User: writethisnow (posted by hbttw)
Date: 2007-07-28 23:41
Subject: (no subject)
Security: Public
Music:Imogen Heap - I Megaphone
Tags:week 1
Title: Life After Death
Summary: A man's journey through questioning his "last word".
A/N: This is the first story I've written that wasn't for a class. Please give me criticism, but don't be too harsh :-/. I did it in one stretch and it's pretty simple. Anyways, I hope you like it - I've just been trying to write more as of late. ~675 Word Count.

“Great. Just great,” he thought to himself on that dismal Thursday morning. He felt alone amongst the sea of black fabric and unfamiliar faces as he stood by the gaping hole in the ground.

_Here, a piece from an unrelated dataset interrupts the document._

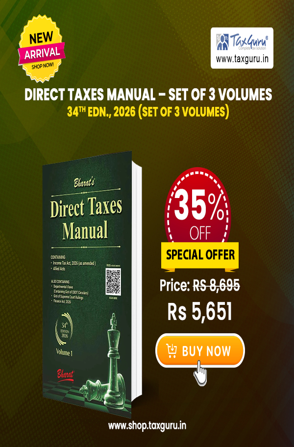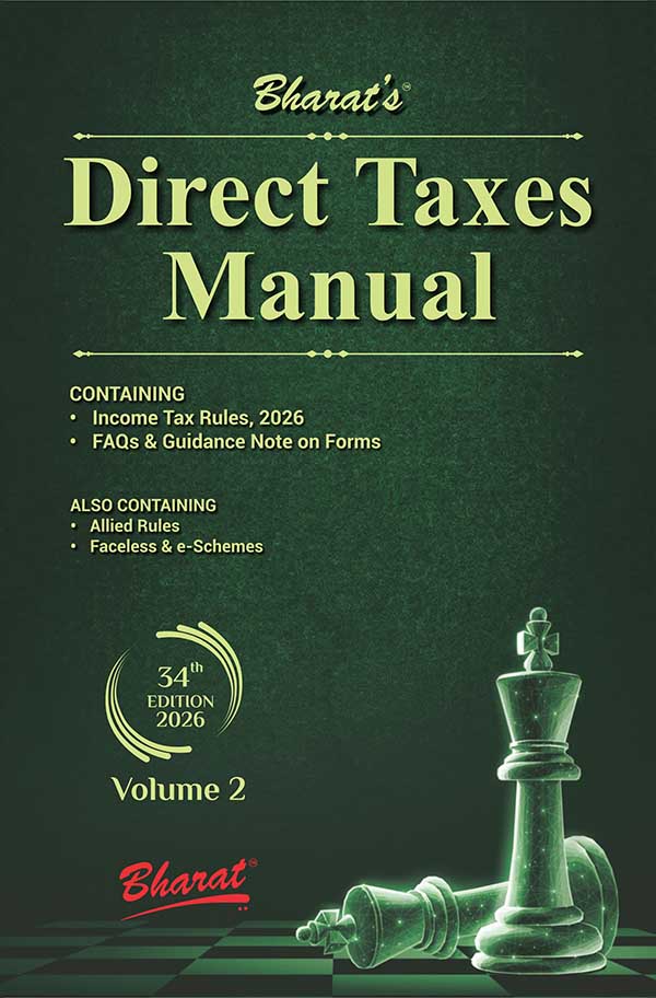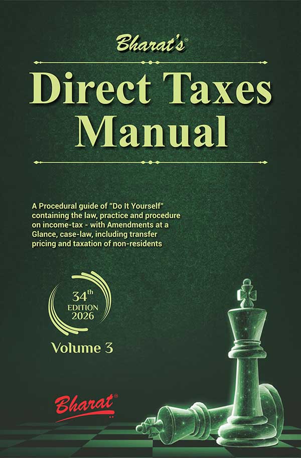Get the latest ‘Direct Taxes Manual – Set of 3 Volumes’ (34th Edition, 2026) by Bharat’s, published by Bharat Publishers. This 5038-page comprehensive manual covers all aspects of direct tax laws. Flat 35% discount for a limited time with free shipping. ISBN: 978-93-4777-911-4. Order now!

“Maybe if I close my eyes for a bit and open them again, I won’t be here anymore. This can’t be reality, can it?” he thought as he tightly squeezed his eyelids closed. But, when open, the world was still dismal and he was still there with those strangers looking down into the pit that would be his sister’s new eternal home.

“Is that even deep enough? I told her she should have had me come over to help her with her living will, but no – she had to do it herself,” he ranted on in his head; skimming over the important things that he really needed to think about.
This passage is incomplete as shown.